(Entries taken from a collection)

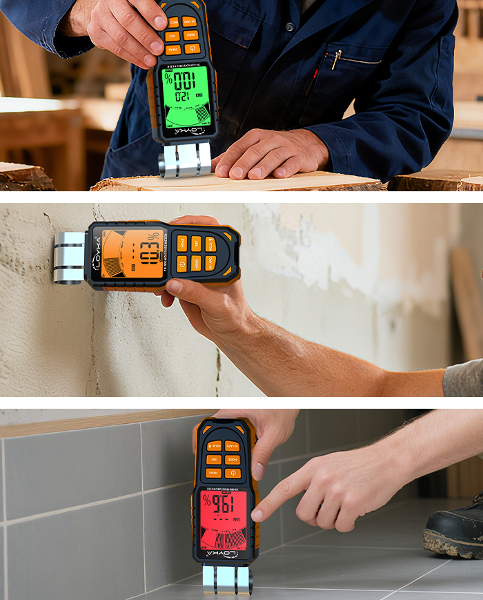 - 3 renkli LCD uyarı sistemi: Kuru/Riskli/Islak seviyeleri ekran rengi ve bar-graph ile hızlı anlaşılır.
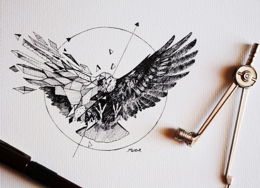 ![Эскиз тату Орел геометрия]()
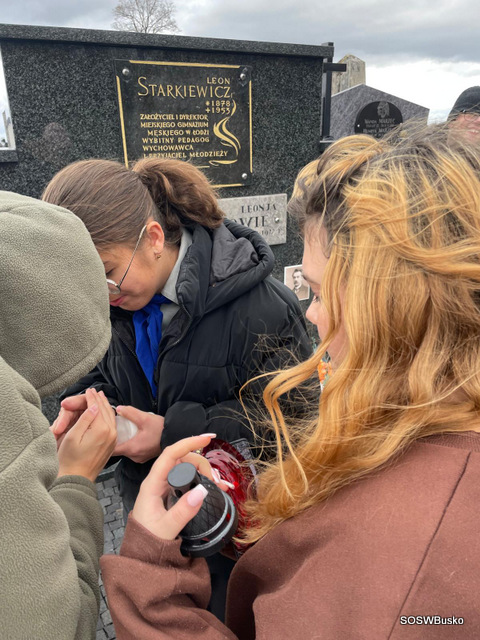 Specjalny Ośrodek Szkolno-Wychowawczy dla Niepełnosprawnych Ruchowo w Busku – Zdroju z dumą i zaangażowaniem bierze udział w tej pięknej inicjatywie. W tym roku, 28 października 2025 roku, harcerze wraz z druhną Agnieszką Szymańską odwiedzili cmentarz w Busku – Zdroju. Podczas wizyty zadbali o bezimienne i opuszczone groby oraz o groby osób zasłużonych dla Hufca ZHP w Busku – Zdroju. Uporządkowali je, zapalili znicze i oddali hołd tym, którzy zasłużyli się dla naszej społeczności i historii.
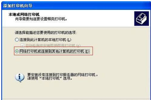 3、提示要安装的打印机选项,选择网络打印机后点下一步。
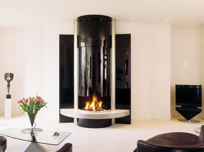 - Модерен дизайн (хай-тек, минимализъм). В този случай трябва да инсталирате камина с необичайна форма, изработена от стъкло и метал.
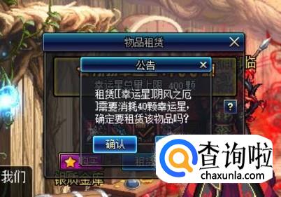 选择完毕后,点击下方的“租赁”按钮,会弹出对应的额租赁公告,点击“确认”按钮,即可成功消耗对应数量的【幸运星】来租赁该武器。
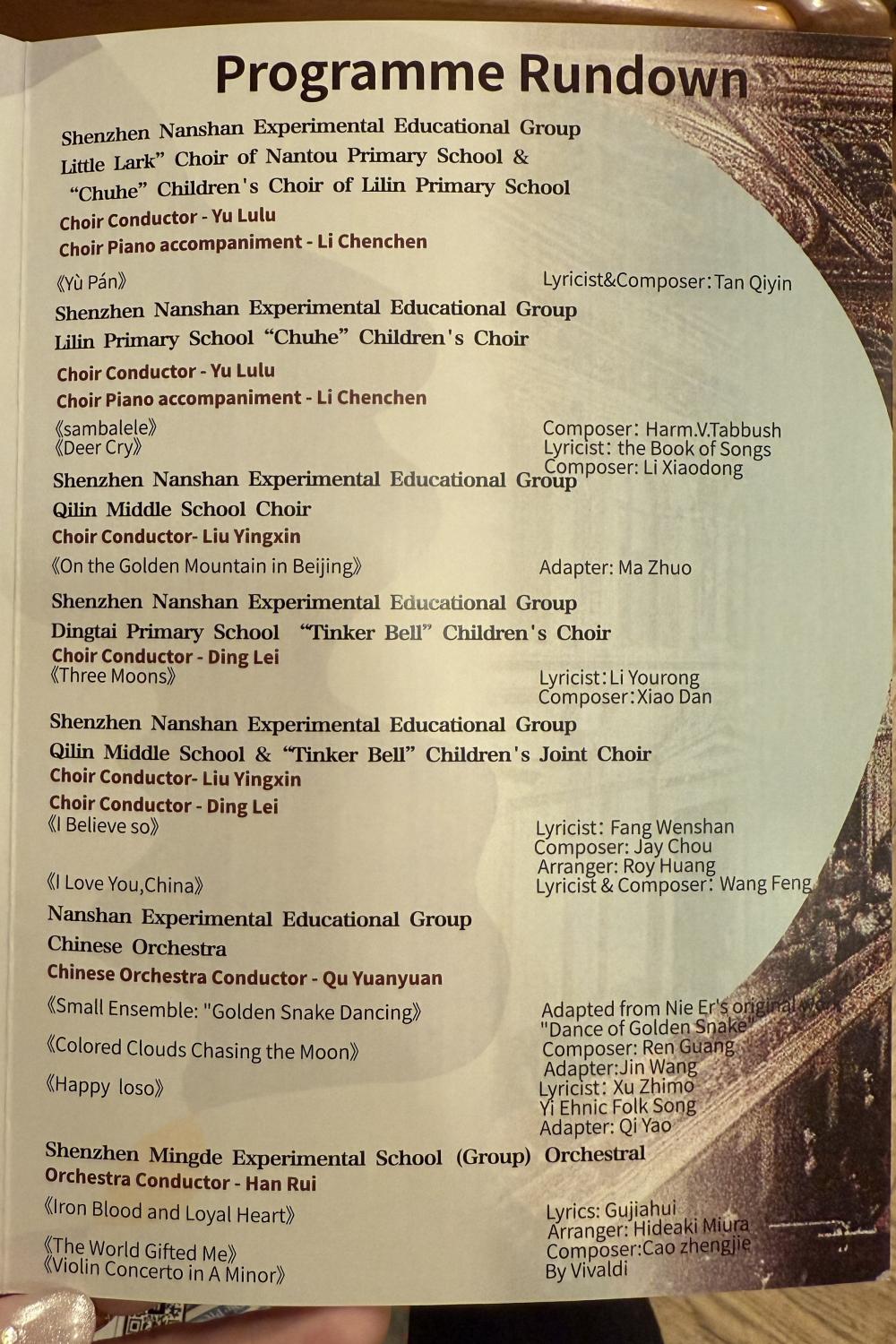 下面是详细的节目单,有来自深圳的四支队伍参与演出,分别是深圳南山中加学校、深圳南山实验教育集团、深圳南山外国语学校(集团)、深圳明德实验学校(集团)。

REQUIRED ACTION.
Start with the line that holds "- Модерен дизайн" and retype each line through the last one in the data, exactly and without pictures.

RESULT BELOW.
 - Модерен дизайн (хай-тек, минимализъм). В този случай трябва да инсталирате камина с необичайна форма, изработена от стъкло и метал.
 选择完毕后,点击下方的“租赁”按钮,会弹出对应的额租赁公告,点击“确认”按钮,即可成功消耗对应数量的【幸运星】来租赁该武器。
 下面是详细的节目单,有来自深圳的四支队伍参与演出,分别是深圳南山中加学校、深圳南山实验教育集团、深圳南山外国语学校(集团)、深圳明德实验学校(集团)。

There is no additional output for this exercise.